Instructions to follow: The expected output is an exact copy of the lines from the one containing "尺素 2024新款韩版ins花边款双人1.8四件套水洗棉泡泡纱被套人字纹床单 奶泡泡-也许雾蓝" to the final line below, minus any pictures.

Dataset content:
• • • •
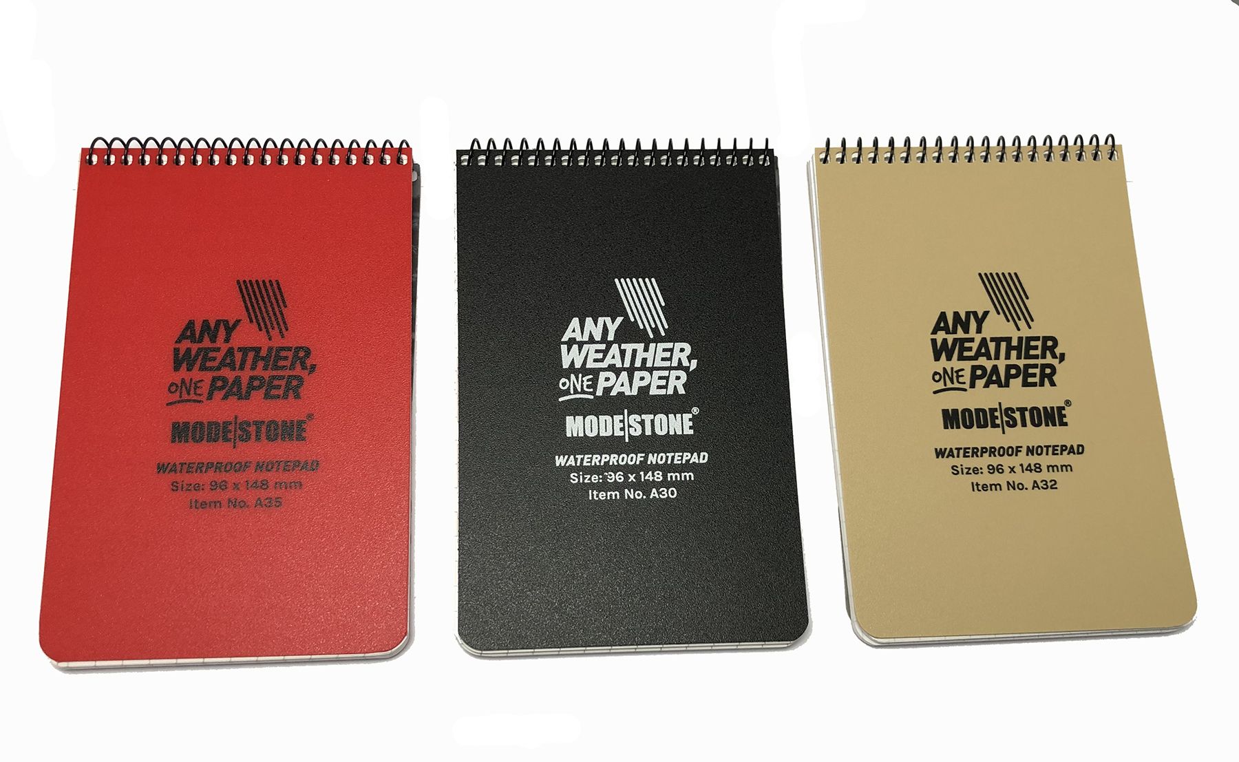 Stone paper is thoroughly waterproof and will not suck water on the cut edges. Modestone waterproof notepad is well suited for dirty, sweaty or humid conditions.
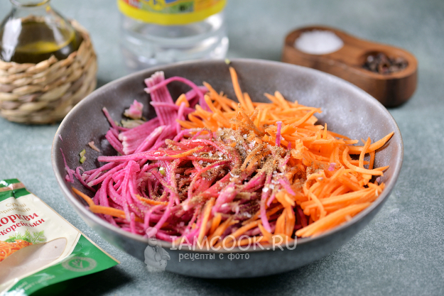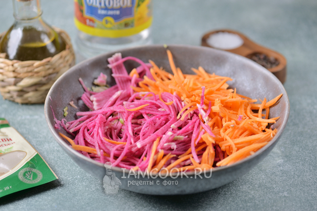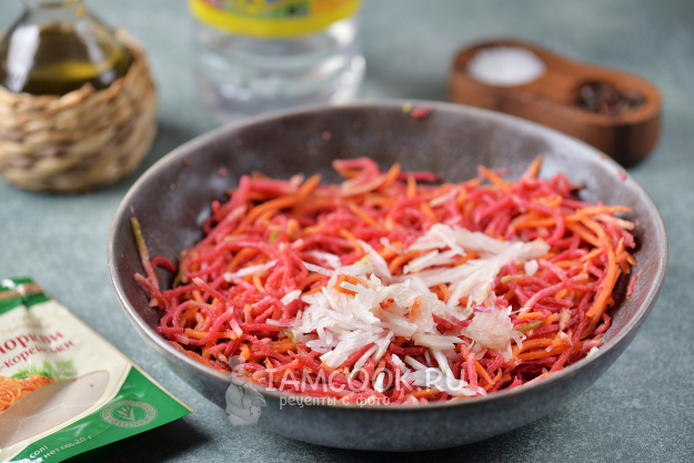 На специальной терке натрите редьку с морковью тонкой соломкой, сложите в глубокую миску.
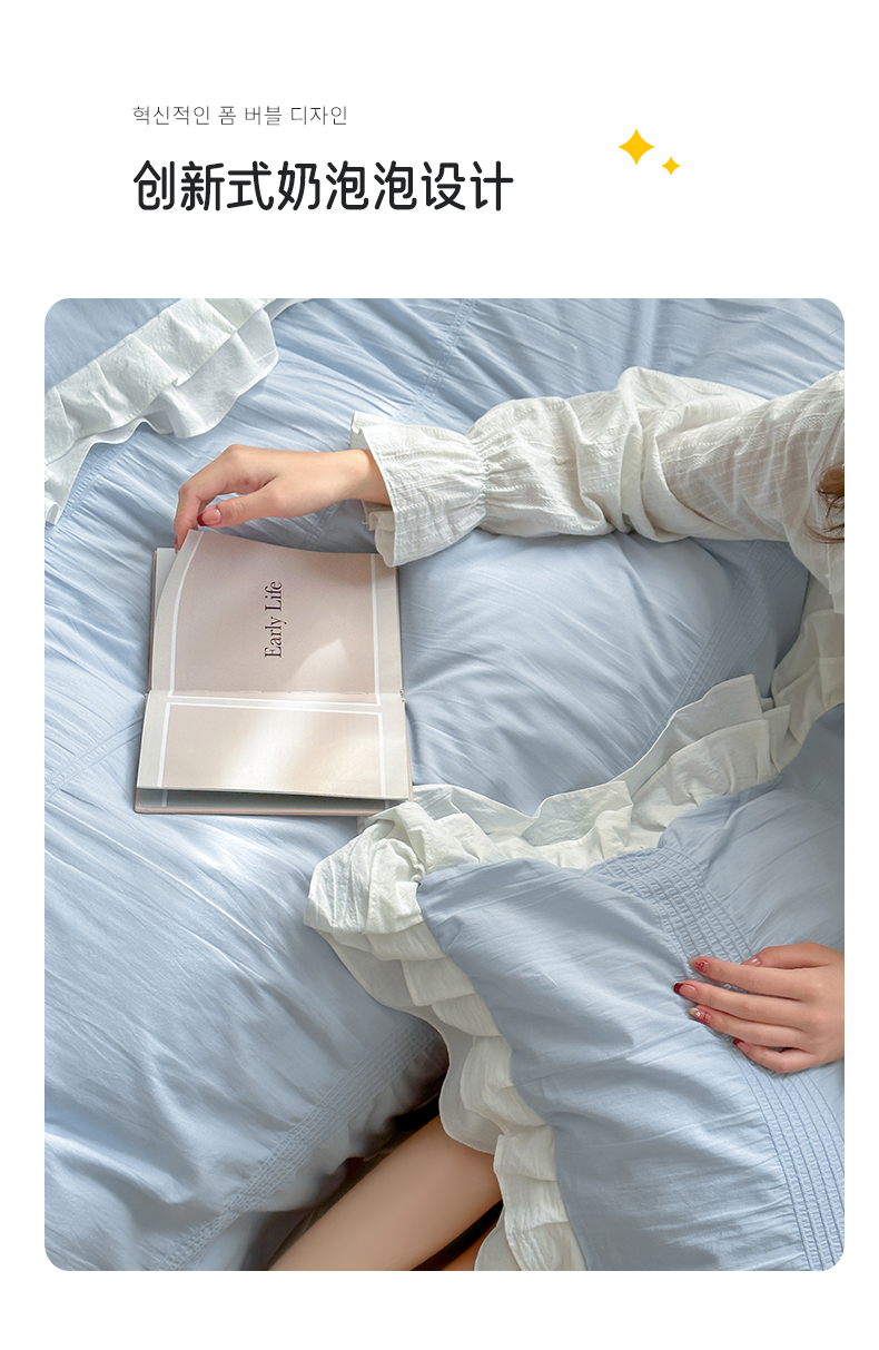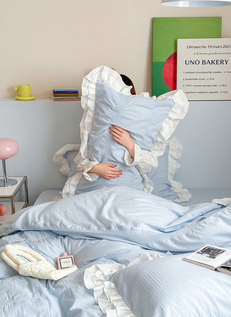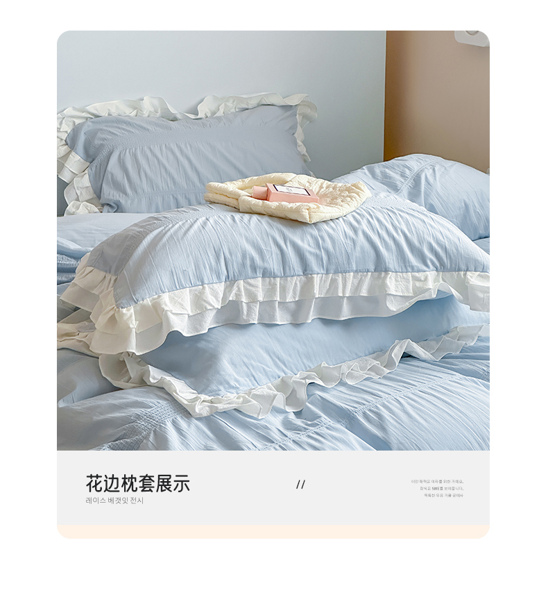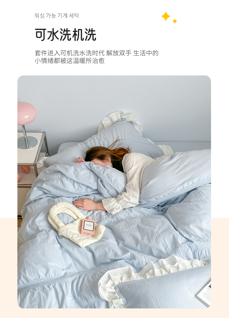 尺素 2024新款韩版ins花边款双人1.8四件套水洗棉泡泡纱被套人字纹床单 奶泡泡-也许雾蓝
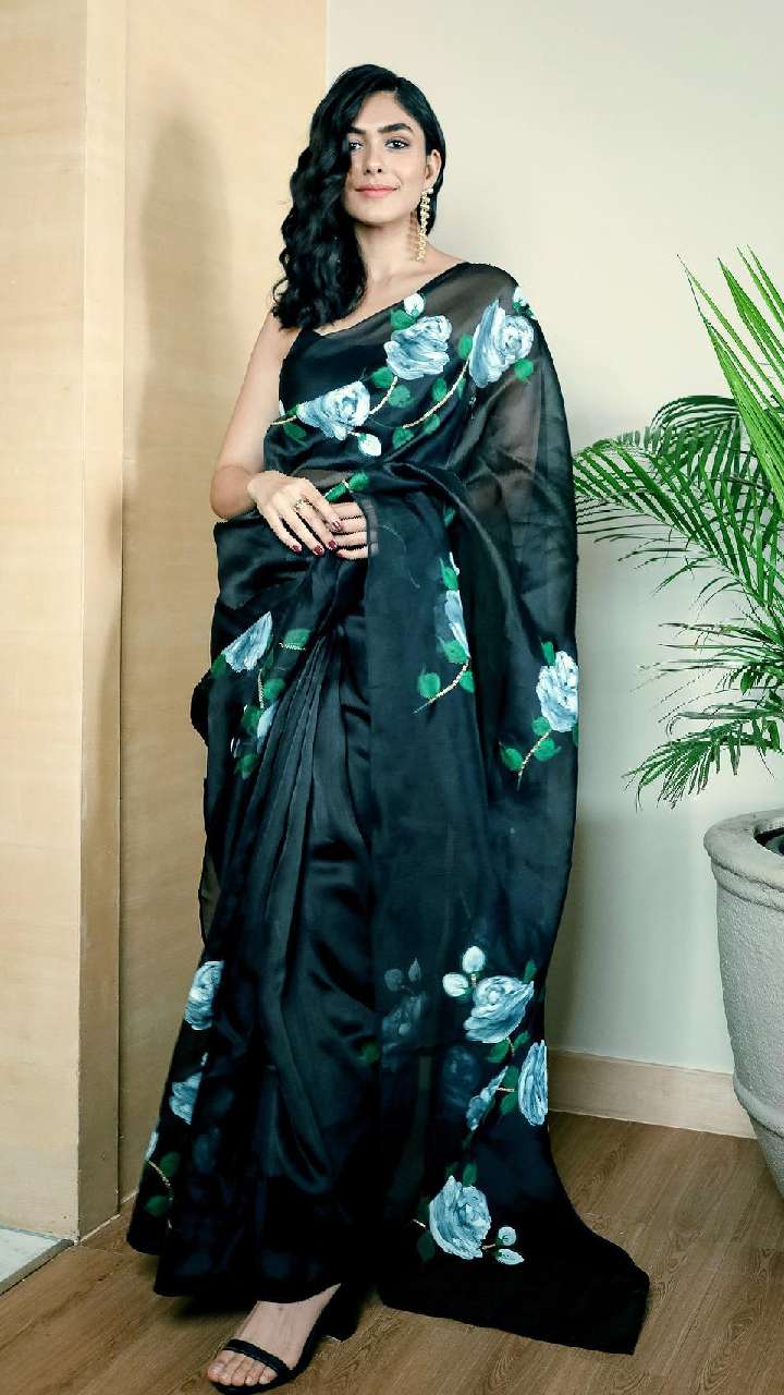 यदि कुछ सिंपल और डिफरेंट ट्राई करने का सोच रही हैं। तो मृणाल की स्काई ब्लू ऑर्गेंजा साड़ी जीरो नेक ब्लाउज लाइट मेकअप ट्राई कर सकती हैं।
• • • •
Solution:
 尺素 2024新款韩版ins花边款双人1.8四件套水洗棉泡泡纱被套人字纹床单 奶泡泡-也许雾蓝
 यदि कुछ सिंपल और डिफरेंट ट्राई करने का सोच रही हैं। तो मृणाल की स्काई ब्लू ऑर्गेंजा साड़ी जीरो नेक ब्लाउज लाइट मेकअप ट्राई कर सकती हैं।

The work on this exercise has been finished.